Dual‐Lineage Chondrocyte‐Like Cells in the Nucleus Pulposus of Aging Intervertebral Discs Are Accelerated by Hedgehog Signaling Inactivation
Lei Zhang, Chunmei Xiu, Hongji You, Jianquan Chen

TL;DR
This study reveals that aging intervertebral discs develop chondrocyte-like cells from two sources, and that Hedgehog signaling prevents their harmful expansion.
Contribution
The study identifies dual-lineage origins of chondrocyte-like cells in aging discs and shows Hedgehog signaling's role in suppressing their expansion.
Findings
CLCs arise from both notochordal NPCs and non-notochordal Gli1+ progenitors.
Hedgehog signaling inactivation accelerates CLC expansion and disc degeneration.
Three CLC subtypes with distinct origins and profiles were identified.
Abstract
Intervertebral disc (IVD) degeneration, a major contributor to chronic low back pain, is characterized by the age‐related replacement of notochord‐derived nucleus pulposus cells (NPCs) with chondrocyte‐like or fibrotic cells (CLCs).
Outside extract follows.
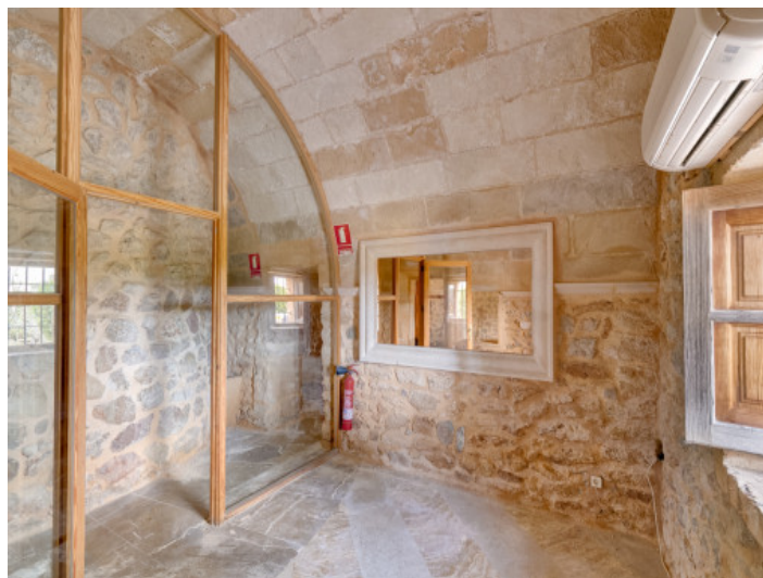
Trastero con aire acondicionado

However, the cellular origins of CLCs and mechanisms driving their emergence remain contentious. Using genetic lineage tracing with Shh‐Cre and Gli1‐CreER T2 to track notochordal and non‐notochordal cells, respectively, we demonstrate that CLCs arise from dual lineages: notochordal NPCs and non‐notochordal Gli1+ progenitors. We identified three CLC subtypes, including nested (N‐CLCs), clustered (C‐CLCs), and disordered (D‐CLCs), with distinct morphological and/or molecular profiles. N‐CLCs and C‐CLCs originate from NPCs, whereas D‐CLCs derive from Gli1+ cells infiltrating the NP. Furthermore, conditional ablation of Smo, an essential transducer of Hh…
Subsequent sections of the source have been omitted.